Start of STORED DATA

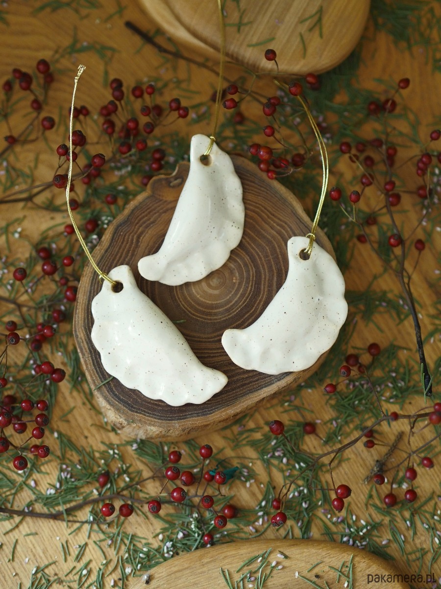Zestaw trzech ceramicznych pierogów na choinkę w pudełku 10x10cm. Dwustronnie szkliwione kremowym, delikatnie nakrapianym szkliwem.
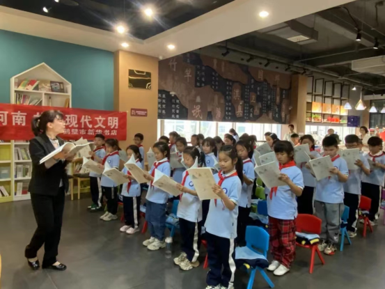 為切實帶動全省讀者在共話閱讀之美、分享思想盛宴、文化實踐結(jié)合、文旅融合轉(zhuǎn)化中,推進(jìn)閱讀引領(lǐng)和文化吸引的影響力拓展至基層一線、各個領(lǐng)域,推動廣大讀者特別是青少年兒童群體理解文化、熱愛閱讀,多家書店策劃開展多層次、多品類的文旅閱讀融合活動。開封市店以《清明上河圖—宋朝的一天》為基礎(chǔ),開展開封書城沉浸式閱讀研學(xué)實踐活動;新鄉(xiāng)市店聯(lián)合新鄉(xiāng)市外國語小學(xué)師生,創(chuàng)作并展演課間劇《開學(xué)第一天》;洛陽市店以書為紐帶,結(jié)合洛陽深厚的歷史文化底蘊和獨特的城市魅力,舉行集書香、文化、旅游于一體的盛宴,連接起愛讀書、愛生活的讀者朋友;信陽市店圍繞大別山革命精神傳承宣傳,融合紅色文化和閱讀文化,為當(dāng)?shù)匚幕叩亟ㄔO(shè)和城市精神文明創(chuàng)建工作作出創(chuàng)新探索。
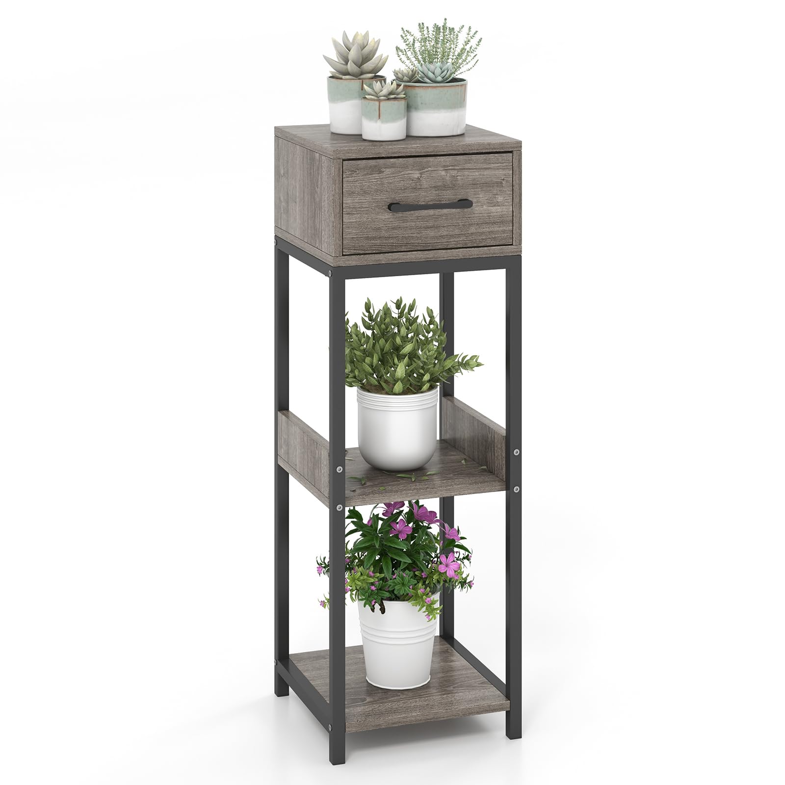 3 tier tall metal plant stand, corner plant holder with anti-tipping devices (with top drawer)
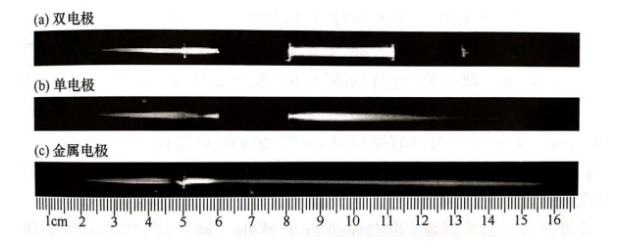 通过以上的实验能够看得出,尽管选用了DBD放电构型,可是等离子体射流事实上是由高压电极边缘的强电场击穿气体形成的,与DBD不相干。这就是说,等离子体射流是由电晕放电机制形成的。众所周知,电晕放电只需一个电极,那麼单个电极能形成等离子体射流吗?下面日皮视频免费看软件再对比一下三种不同电极构型形成的等离子体射流照片:图(a)是DBD构型形成的等离子体射流;图(b)是单个高压电极的电晕放电形成的等离子体射流,此时地电极已从石英管上移除;图(c)选用了直接与氦气流接触的金属片(厚0.05cm)作为电极形成的电晕放电,为了不影响气流,金属片中间钻了一个略大于毛细管内径的开口(直径0.25cm)。对比这三张照片可见,即便并没有DBD构型,所形成的等离子体射流仍十分类似。

End of STORED DATA

WORK TASK
Without the pictures, please reproduce each line of the listing above exactly, from the first one through the line bearing "為切實帶動全省讀者在共話閱讀".

TASK ANSWER
Zestaw trzech ceramicznych pierogów na choinkę w pudełku 10x10cm. Dwustronnie szkliwione kremowym, delikatnie nakrapianym szkliwem.
 為切實帶動全省讀者在共話閱讀之美、分享思想盛宴、文化實踐結(jié)合、文旅融合轉(zhuǎn)化中,推進(jìn)閱讀引領(lǐng)和文化吸引的影響力拓展至基層一線、各個領(lǐng)域,推動廣大讀者特別是青少年兒童群體理解文化、熱愛閱讀,多家書店策劃開展多層次、多品類的文旅閱讀融合活動。開封市店以《清明上河圖—宋朝的一天》為基礎(chǔ),開展開封書城沉浸式閱讀研學(xué)實踐活動;新鄉(xiāng)市店聯(lián)合新鄉(xiāng)市外國語小學(xué)師生,創(chuàng)作并展演課間劇《開學(xué)第一天》;洛陽市店以書為紐帶,結(jié)合洛陽深厚的歷史文化底蘊和獨特的城市魅力,舉行集書香、文化、旅游于一體的盛宴,連接起愛讀書、愛生活的讀者朋友;信陽市店圍繞大別山革命精神傳承宣傳,融合紅色文化和閱讀文化,為當(dāng)?shù)匚幕叩亟ㄔO(shè)和城市精神文明創(chuàng)建工作作出創(chuàng)新探索。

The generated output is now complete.